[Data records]
*** Block opens ***
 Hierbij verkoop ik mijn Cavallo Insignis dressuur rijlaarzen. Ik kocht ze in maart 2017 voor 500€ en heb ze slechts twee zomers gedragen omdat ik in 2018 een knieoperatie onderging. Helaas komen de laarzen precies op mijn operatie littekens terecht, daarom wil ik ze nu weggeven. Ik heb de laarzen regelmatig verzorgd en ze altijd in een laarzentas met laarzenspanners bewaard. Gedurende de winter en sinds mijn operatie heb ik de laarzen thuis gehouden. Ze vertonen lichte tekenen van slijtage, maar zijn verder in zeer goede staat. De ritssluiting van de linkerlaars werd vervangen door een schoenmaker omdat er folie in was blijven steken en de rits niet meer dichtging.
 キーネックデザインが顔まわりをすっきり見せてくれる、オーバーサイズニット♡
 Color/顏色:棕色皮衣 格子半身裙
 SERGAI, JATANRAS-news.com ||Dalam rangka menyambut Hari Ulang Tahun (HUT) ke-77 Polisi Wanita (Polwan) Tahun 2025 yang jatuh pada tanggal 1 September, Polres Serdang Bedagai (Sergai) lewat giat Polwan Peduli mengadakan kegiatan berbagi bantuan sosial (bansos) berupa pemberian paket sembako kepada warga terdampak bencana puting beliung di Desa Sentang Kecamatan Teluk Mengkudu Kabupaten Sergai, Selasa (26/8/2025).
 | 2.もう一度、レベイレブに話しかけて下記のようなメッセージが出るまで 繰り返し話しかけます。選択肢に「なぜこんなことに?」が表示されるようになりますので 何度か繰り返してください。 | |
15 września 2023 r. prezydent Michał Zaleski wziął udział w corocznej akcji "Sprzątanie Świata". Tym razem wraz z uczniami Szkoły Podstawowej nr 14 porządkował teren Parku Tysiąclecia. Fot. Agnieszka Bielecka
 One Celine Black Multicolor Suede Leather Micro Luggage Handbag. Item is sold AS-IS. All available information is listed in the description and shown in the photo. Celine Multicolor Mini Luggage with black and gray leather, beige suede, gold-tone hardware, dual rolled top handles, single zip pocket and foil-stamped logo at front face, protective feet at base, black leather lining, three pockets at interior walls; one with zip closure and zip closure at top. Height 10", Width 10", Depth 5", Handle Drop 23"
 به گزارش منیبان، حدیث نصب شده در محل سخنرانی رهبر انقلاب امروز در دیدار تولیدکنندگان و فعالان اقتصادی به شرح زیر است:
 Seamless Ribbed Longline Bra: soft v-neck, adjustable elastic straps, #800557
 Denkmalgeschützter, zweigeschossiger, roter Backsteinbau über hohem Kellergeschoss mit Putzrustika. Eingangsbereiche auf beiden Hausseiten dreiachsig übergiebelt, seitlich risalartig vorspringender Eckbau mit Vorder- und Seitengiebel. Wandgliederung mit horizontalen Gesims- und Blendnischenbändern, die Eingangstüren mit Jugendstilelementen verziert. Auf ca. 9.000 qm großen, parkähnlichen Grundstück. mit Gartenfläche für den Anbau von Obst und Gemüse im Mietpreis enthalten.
*** Block closes ***
WORK REQUIRED
Exact transcription of the records is all that is wanted.

RESPONSE BOX
 Hierbij verkoop ik mijn Cavallo Insignis dressuur rijlaarzen. Ik kocht ze in maart 2017 voor 500€ en heb ze slechts twee zomers gedragen omdat ik in 2018 een knieoperatie onderging. Helaas komen de laarzen precies op mijn operatie littekens terecht, daarom wil ik ze nu weggeven. Ik heb de laarzen regelmatig verzorgd en ze altijd in een laarzentas met laarzenspanners bewaard. Gedurende de winter en sinds mijn operatie heb ik de laarzen thuis gehouden. Ze vertonen lichte tekenen van slijtage, maar zijn verder in zeer goede staat. De ritssluiting van de linkerlaars werd vervangen door een schoenmaker omdat er folie in was blijven steken en de rits niet meer dichtging.
 キーネックデザインが顔まわりをすっきり見せてくれる、オーバーサイズニット♡
 Color/顏色:棕色皮衣 格子半身裙
 SERGAI, JATANRAS-news.com ||Dalam rangka menyambut Hari Ulang Tahun (HUT) ke-77 Polisi Wanita (Polwan) Tahun 2025 yang jatuh pada tanggal 1 September, Polres Serdang Bedagai (Sergai) lewat giat Polwan Peduli mengadakan kegiatan berbagi bantuan sosial (bansos) berupa pemberian paket sembako kepada warga terdampak bencana puting beliung di Desa Sentang Kecamatan Teluk Mengkudu Kabupaten Sergai, Selasa (26/8/2025).
 | 2.もう一度、レベイレブに話しかけて下記のようなメッセージが出るまで 繰り返し話しかけます。選択肢に「なぜこんなことに?」が表示されるようになりますので 何度か繰り返してください。 | |
15 września 2023 r. prezydent Michał Zaleski wziął udział w corocznej akcji "Sprzątanie Świata". Tym razem wraz z uczniami Szkoły Podstawowej nr 14 porządkował teren Parku Tysiąclecia. Fot. Agnieszka Bielecka
 One Celine Black Multicolor Suede Leather Micro Luggage Handbag. Item is sold AS-IS. All available information is listed in the description and shown in the photo. Celine Multicolor Mini Luggage with black and gray leather, beige suede, gold-tone hardware, dual rolled top handles, single zip pocket and foil-stamped logo at front face, protective feet at base, black leather lining, three pockets at interior walls; one with zip closure and zip closure at top. Height 10", Width 10", Depth 5", Handle Drop 23"
 به گزارش منیبان، حدیث نصب شده در محل سخنرانی رهبر انقلاب امروز در دیدار تولیدکنندگان و فعالان اقتصادی به شرح زیر است:
 Seamless Ribbed Longline Bra: soft v-neck, adjustable elastic straps, #800557
 Denkmalgeschützter, zweigeschossiger, roter Backsteinbau über hohem Kellergeschoss mit Putzrustika. Eingangsbereiche auf beiden Hausseiten dreiachsig übergiebelt, seitlich risalartig vorspringender Eckbau mit Vorder- und Seitengiebel. Wandgliederung mit horizontalen Gesims- und Blendnischenbändern, die Eingangstüren mit Jugendstilelementen verziert. Auf ca. 9.000 qm großen, parkähnlichen Grundstück. mit Gartenfläche für den Anbau von Obst und Gemüse im Mietpreis enthalten.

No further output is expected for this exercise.